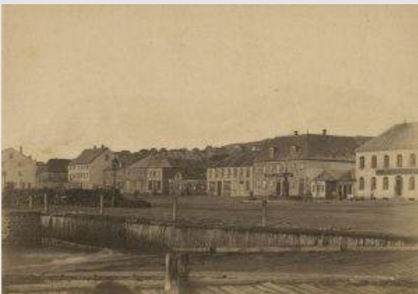
St.Pierre in 1887

This period would last until 1933 with the U.S. repeal of prohibition, though the islands would not be spared from drama with the outbreak of WWII, with St.Pierre & Miquelon serving as a North American front for events in Europe. Following the German invasion of France, the islands came under control of the German allied axis Vichy Regime. However supporter of De Gaulle's Free France movement staged a successful and peaceful coup on Christmas Eve 1941, being an initial success for the allied forces. Tragedy would also strike when the Free France corvette "Mimosa" carrying mostly men from St.Pierre sank escorting allied convoys on 9th June 1942 with 65 losses.
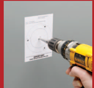
Position with template
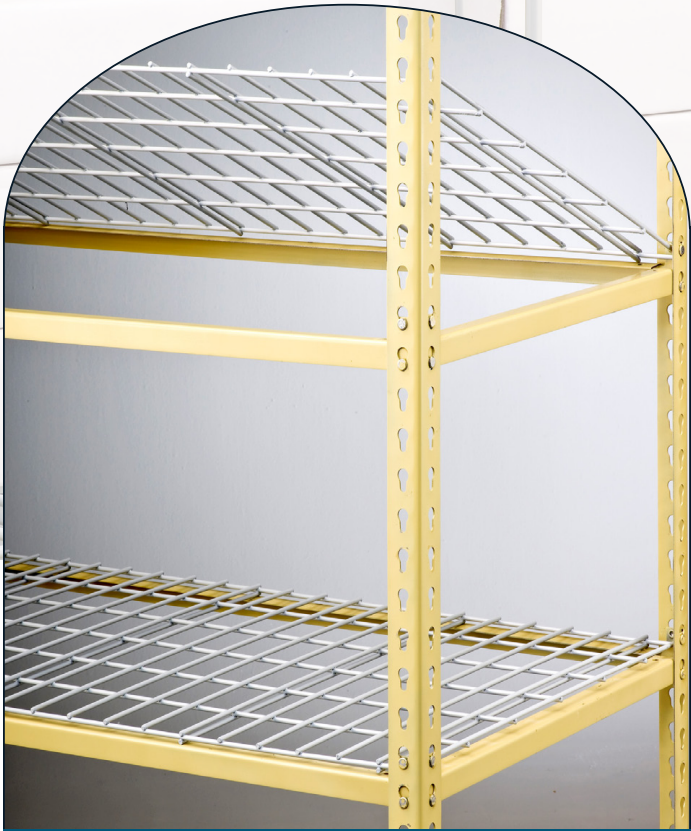
KWIK-SHELF LIGHT-DUTY WIRE SHELVING
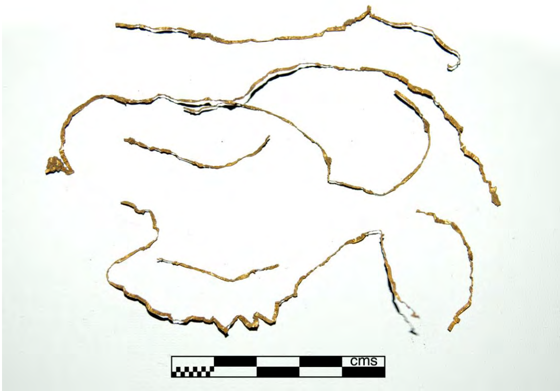
Fig.21: Flat gold strip, 0.8-1.2 mm wide, ON 1966 from Western cemetery grave C3741.

The third tablet weave runs across the back of buckle ON 1165 from Central cemetery grave C1261 (Phase 4b-5). This has been woven on two-hole tablets and the tablets have been rotated in two decks, one alternating with the other: both these features give a thinner band than is usual with four-hole tablets or tablets rotated as a single deck. Other examples of this technique have been recorded in Migration Period graves, at West Heslerton, North Yorkshire, grave 62 (Walton Rogers 1999, 150-1), at Morning Thorpe, Norfolk, grave 334B (E Crowfoot 1987b, 181) and at Wakerley, Northants, grave 78 (E Crowfoot 1989, 171), and there was another in a 7th-century burial at Dover Buckland (1994), grave 376, Phase 6 (Walton Rogers forthcoming).
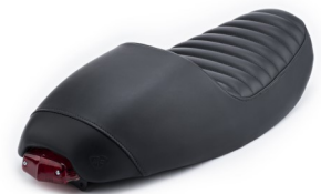
Café Racer Seat
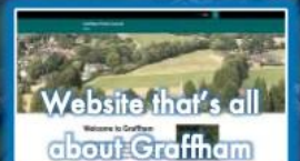
Website that's all about Graffham
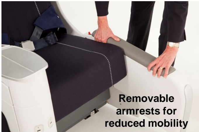
Removable armrests for reduced mobility passengers
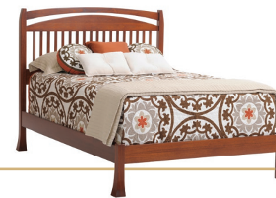
Slat Bed Shown in Lyptus with Mission Maple Finish Full OAP721FL 60"w x 83"L Headboard 56" Footboard 16" Queen OAP722QN 66"w x 88"L Headboard 56" Footboard 16" King OAP723KG 82"w x 88"L Headboard 56" Footboard 16"

* _Exercise_
Set the records down again precisely, skipping every image.

* _Response box_
St.Pierre in 1887

This period would last until 1933 with the U.S. repeal of prohibition, though the islands would not be spared from drama with the outbreak of WWII, with St.Pierre & Miquelon serving as a North American front for events in Europe. Following the German invasion of France, the islands came under control of the German allied axis Vichy Regime. However supporter of De Gaulle's Free France movement staged a successful and peaceful coup on Christmas Eve 1941, being an initial success for the allied forces. Tragedy would also strike when the Free France corvette "Mimosa" carrying mostly men from St.Pierre sank escorting allied convoys on 9th June 1942 with 65 losses.
Position with template
KWIK-SHELF LIGHT-DUTY WIRE SHELVING
Fig.21: Flat gold strip, 0.8-1.2 mm wide, ON 1966 from Western cemetery grave C3741.

The third tablet weave runs across the back of buckle ON 1165 from Central cemetery grave C1261 (Phase 4b-5). This has been woven on two-hole tablets and the tablets have been rotated in two decks, one alternating with the other: both these features give a thinner band than is usual with four-hole tablets or tablets rotated as a single deck. Other examples of this technique have been recorded in Migration Period graves, at West Heslerton, North Yorkshire, grave 62 (Walton Rogers 1999, 150-1), at Morning Thorpe, Norfolk, grave 334B (E Crowfoot 1987b, 181) and at Wakerley, Northants, grave 78 (E Crowfoot 1989, 171), and there was another in a 7th-century burial at Dover Buckland (1994), grave 376, Phase 6 (Walton Rogers forthcoming).
Café Racer Seat
Website that's all about Graffham
Removable armrests for reduced mobility passengers
Slat Bed Shown in Lyptus with Mission Maple Finish Full OAP721FL 60"w x 83"L Headboard 56" Footboard 16" Queen OAP722QN 66"w x 88"L Headboard 56" Footboard 16" King OAP723KG 82"w x 88"L Headboard 56" Footboard 16"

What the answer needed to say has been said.